• _WORK ORDER_
Below are records with pictures. Transcribe exactly, and only, the lines from the line with "Matt Stone voices" to the line with "图片说明:10月27日,江西", both ends included, but not the pictures.

• _DATASET ENTRIES_
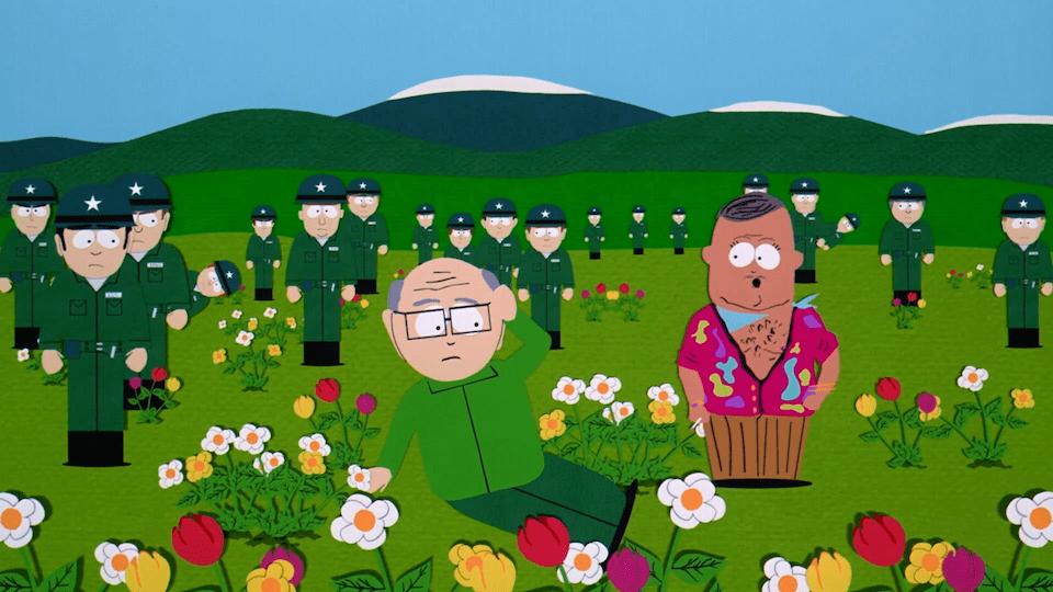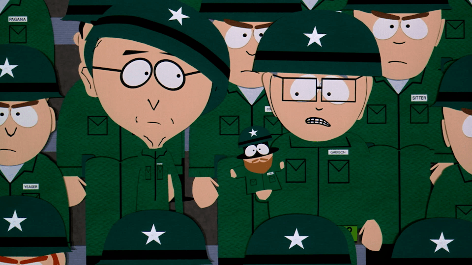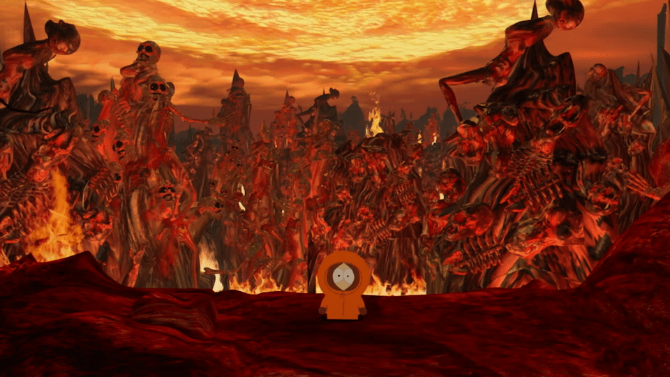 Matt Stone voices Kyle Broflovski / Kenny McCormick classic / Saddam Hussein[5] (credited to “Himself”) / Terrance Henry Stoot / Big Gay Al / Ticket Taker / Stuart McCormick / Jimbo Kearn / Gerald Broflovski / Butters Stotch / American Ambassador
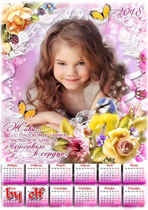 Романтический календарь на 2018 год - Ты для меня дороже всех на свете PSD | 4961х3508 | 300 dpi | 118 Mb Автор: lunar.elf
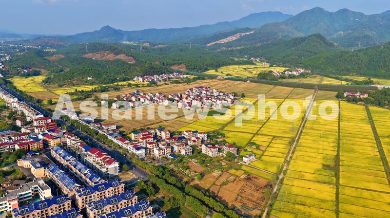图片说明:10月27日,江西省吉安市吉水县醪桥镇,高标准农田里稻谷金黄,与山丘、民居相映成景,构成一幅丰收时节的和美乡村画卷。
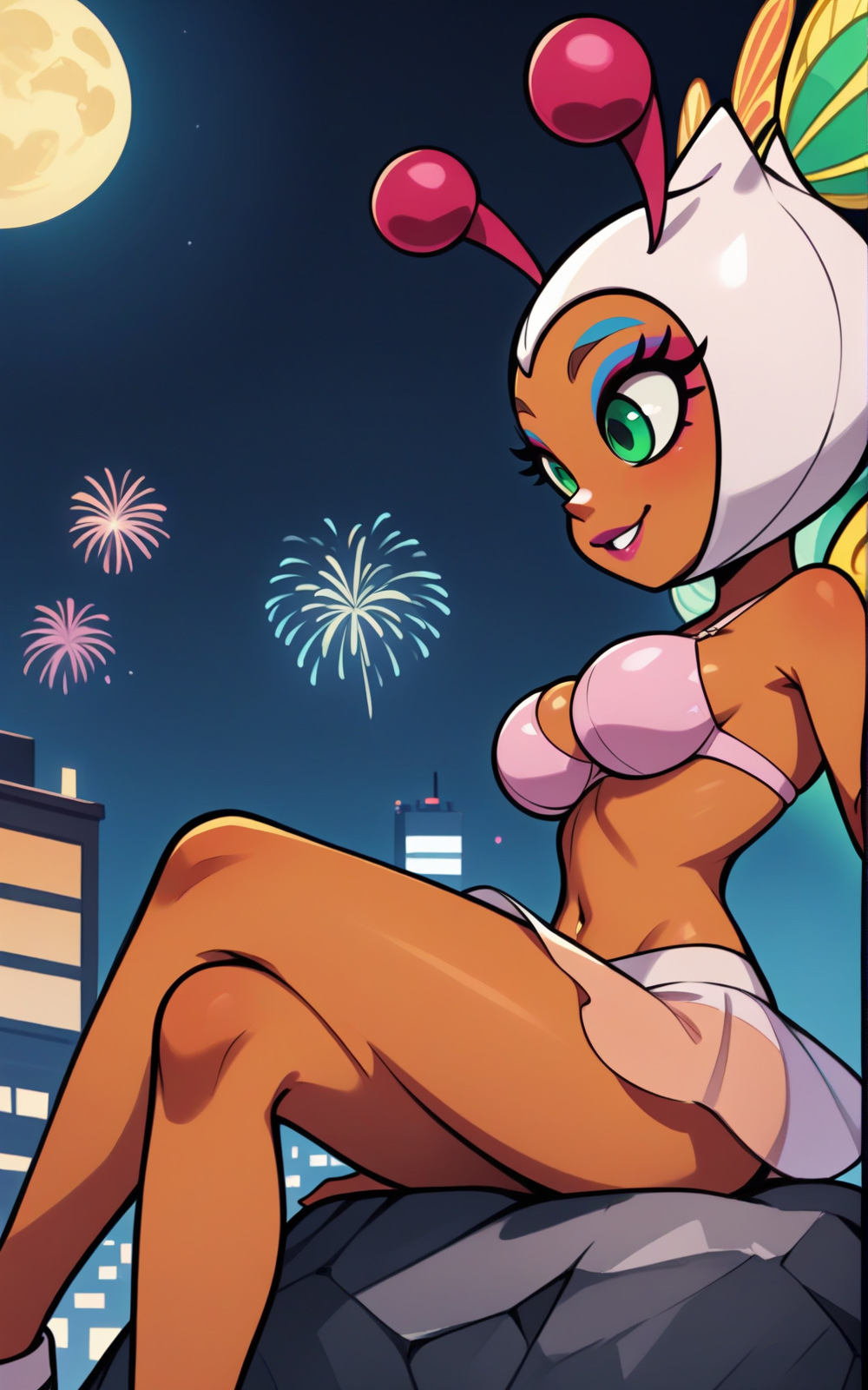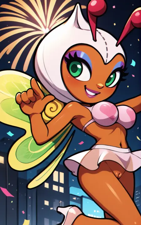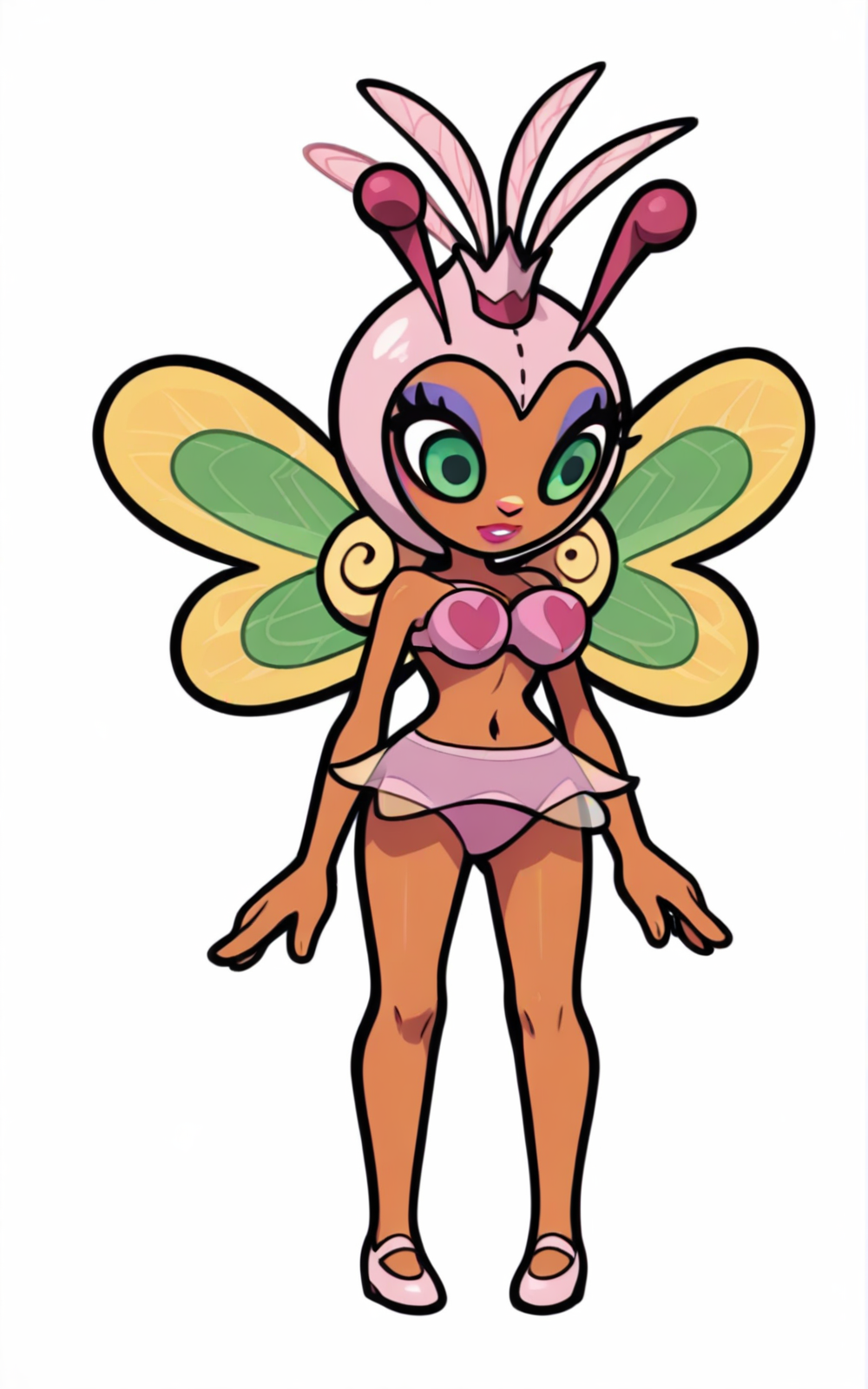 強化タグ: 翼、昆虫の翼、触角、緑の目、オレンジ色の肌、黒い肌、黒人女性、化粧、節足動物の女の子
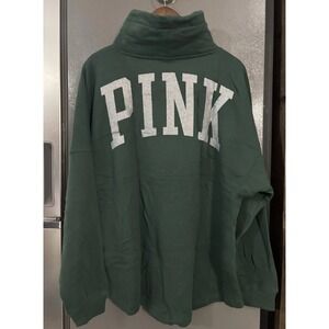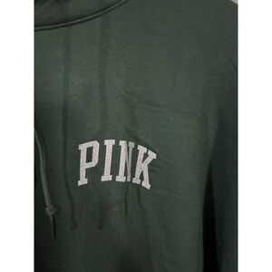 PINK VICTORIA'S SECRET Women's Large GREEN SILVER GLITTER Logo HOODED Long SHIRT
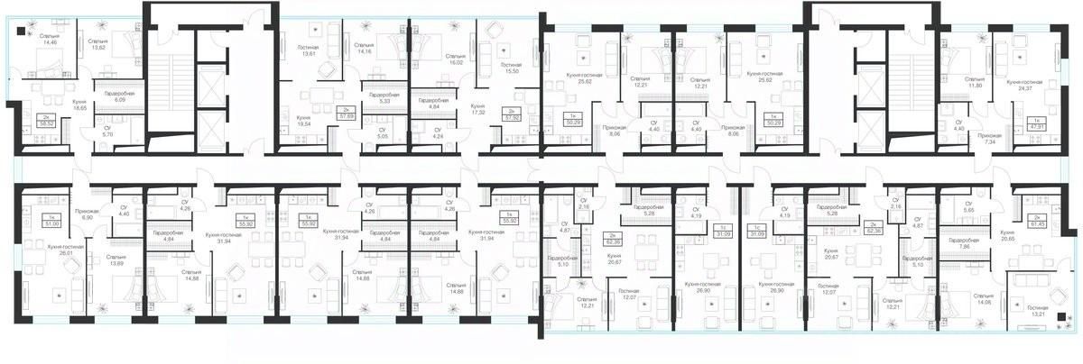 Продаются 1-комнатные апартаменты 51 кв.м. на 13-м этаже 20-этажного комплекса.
...
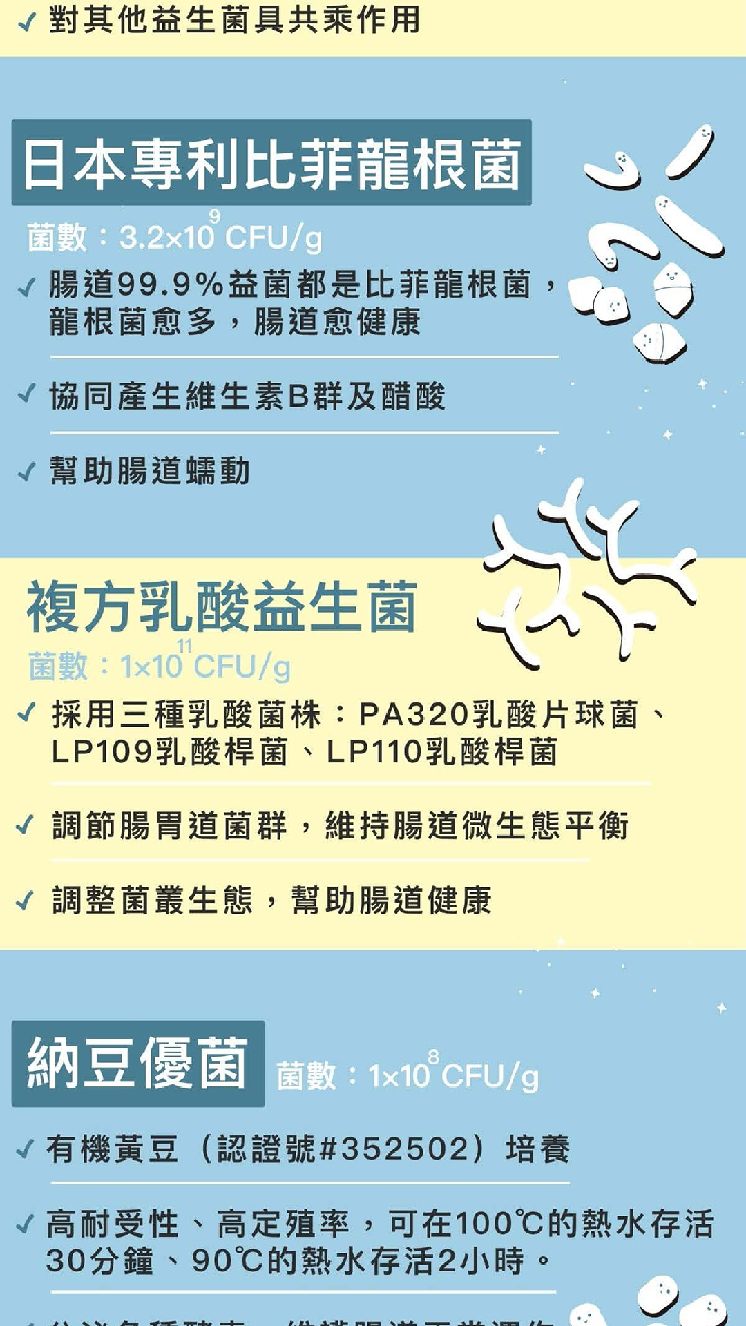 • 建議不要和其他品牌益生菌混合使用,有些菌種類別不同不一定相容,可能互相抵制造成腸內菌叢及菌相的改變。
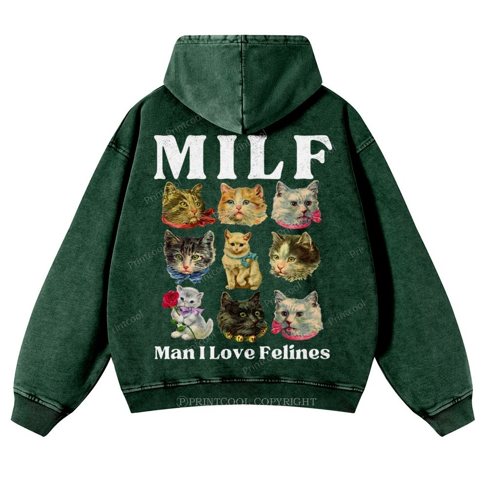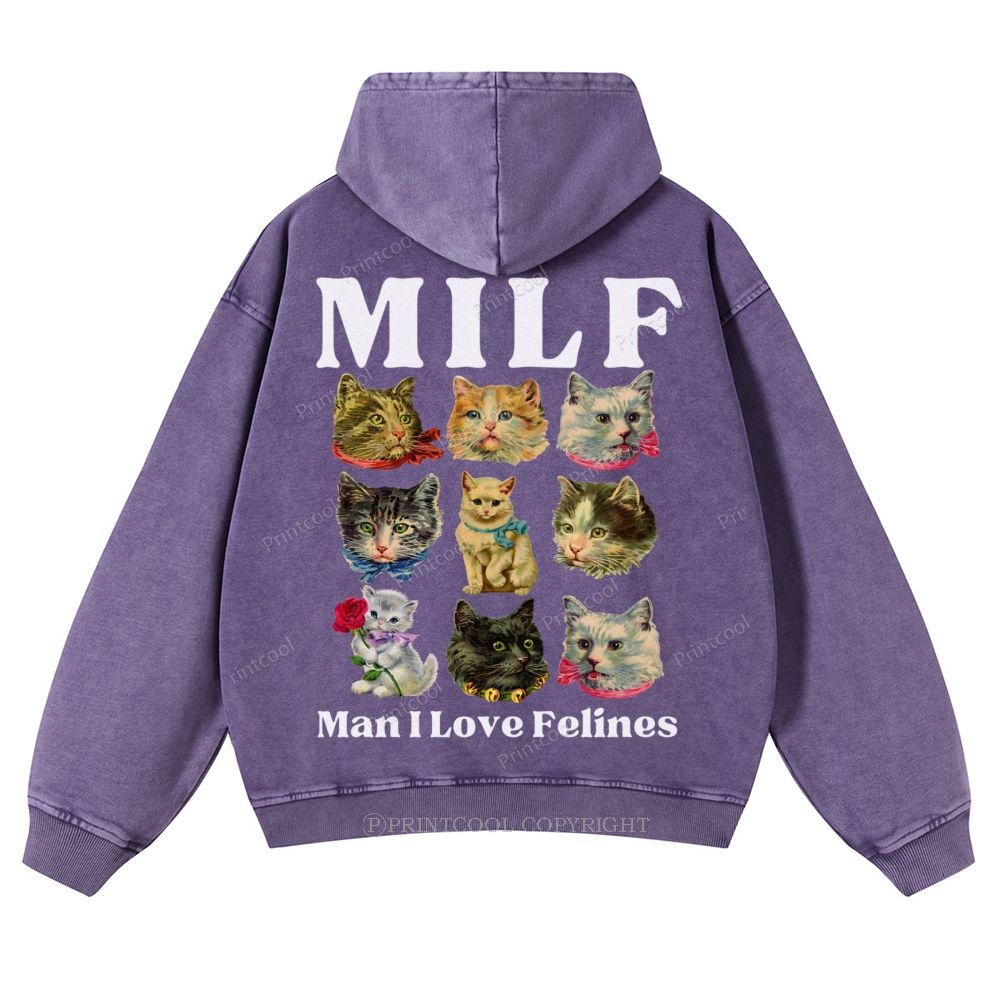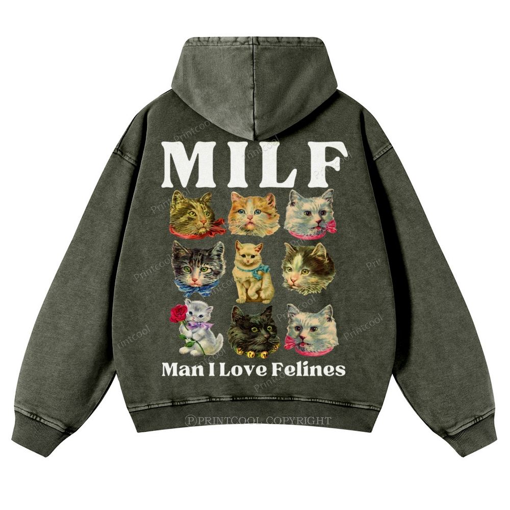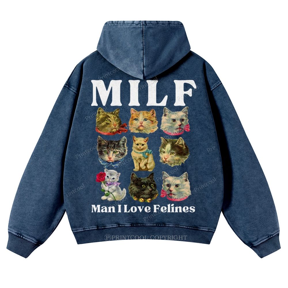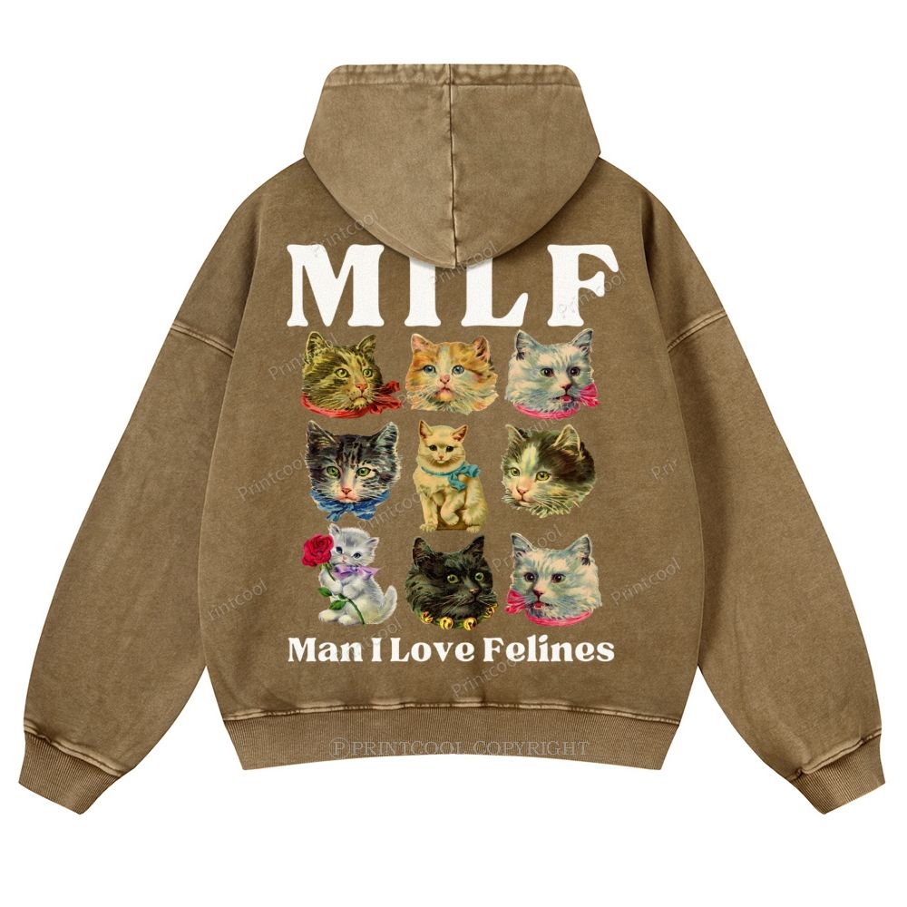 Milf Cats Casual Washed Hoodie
==
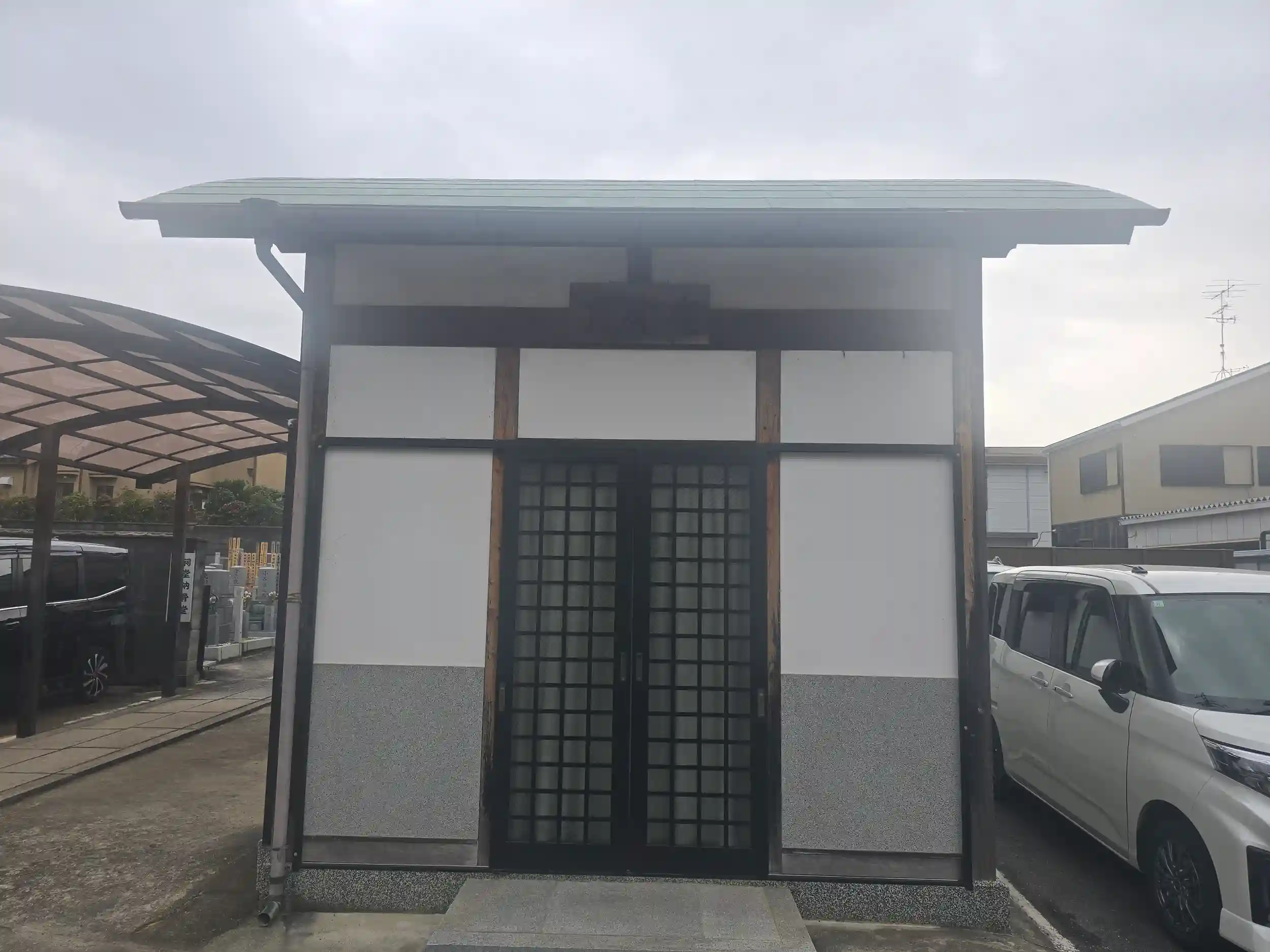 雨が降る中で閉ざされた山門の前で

• _SOLUTION FOR THIS TASK_
 Matt Stone voices Kyle Broflovski / Kenny McCormick classic / Saddam Hussein[5] (credited to “Himself”) / Terrance Henry Stoot / Big Gay Al / Ticket Taker / Stuart McCormick / Jimbo Kearn / Gerald Broflovski / Butters Stotch / American Ambassador
 Романтический календарь на 2018 год - Ты для меня дороже всех на свете PSD | 4961х3508 | 300 dpi | 118 Mb Автор: lunar.elf
图片说明:10月27日,江西省吉安市吉水县醪桥镇,高标准农田里稻谷金黄,与山丘、民居相映成景,构成一幅丰收时节的和美乡村画卷。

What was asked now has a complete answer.